Earlier this month Express Scripts Inc., one of the top three managers of employer-sponsored prescription-drug benefits, made headlines by announcing that it would erase Lipitor from its list of preferred drugs. The move marked a sea change in relations between the pharmacy benefit managers (PBMs) and the big drug companies, according to some observers. If they’re right, that change is being driven by employers’ growing awareness about where their drug-benefit dollars are going.
In brief, Express Scripts (ESI) removed Lipitor, Pfizer’s huge-selling cholesterol-cutting drug, in favor of Zocor, according to published reports. The reason? Merck, which manufactures Zocor, will lose its patent-protected rights to produce it in June 2006. Once generic-drug makers begin selling their own versions of Zocor, ESI would be able to recommend the much cheaper generics. That option wouldn’t be available for Lipitor, which doesn’t come off-patent until 2011.

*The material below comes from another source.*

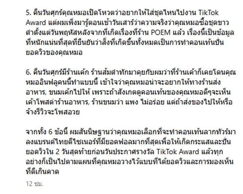 “5. คืนวันศุกร์คุณหมอเปิดโหวตว่าอยากให้ใส่ชุดไหนไปงาน TikTok Award แต่ผมเพิ่งมารู้ตอนเช้าวันเสาร์ว่าความจริงว่าคุณหมอซื้อชุดขาวดำตั้งแต่วันพฤหัสหลังจากที่เกิดเรื่องที่ร้าน POEM แล้ว เรื่องนี้เป็นข้อมูลที่หนักแน่นที่สุดที่ยืนยันว่าสิ่งที่เกิดขึ้นทั้งหมดเป็นการทำคอนเทนต์ปั่นยอดวิวของคุณหมอ”

From its point of view, ESI was only proceeding on a well-worn path, according to press accounts. By replacing brand-name drugs with generics, it would be doing just what employers have long hired PBMs to do: provide deep discounts in pharmaceutical costs while administering employers’ prescription-drug programs. At the same time, PBMs make out handsomely by recommending generics, which offer wider profit margins than brand-name drugs for their manufacturers. Those wider margins enable the PBMs to get a bigger piece of the “spread” between what a drugstore chain charges for a prescription and what an employer pays for it.
The arrangement, even PBM critics agree, has largely served both employers and employees well. According to a 2003 report by the Government Accountability Office that examined three drug-benefit managers, PBMs were able to bargain down retail pharmacies by 18 percent below the average cash price that customers would pay at pharmacies for 14 name-brand drugs — and by 47 percent for four generic drugs. The GAO did caution that its findings might be read to overstate that bargaining success; if companies had no access to PBMs, observed the watchdog agency, companies would likely try to negotiate discounts on their own.
Even so, by gathering and automating huge amounts of pharmacy pricing data and making it widely known, PBMs have certainly exerted a strong downward pressure on retail drug costs. And they have helped employer drug programs fit nicely into managed-care plans, bringing the co-payment features typical of health maintenance organizations into the pharmaceutical-benefits arena — in turn, providing an incentive that’s valuable in hiring and retaining employees. At the same time, many employers have gained negotiating efficiency by “carving out” drug benefits from HMOs and broader health insurance programs, then dealing directly with PBMs.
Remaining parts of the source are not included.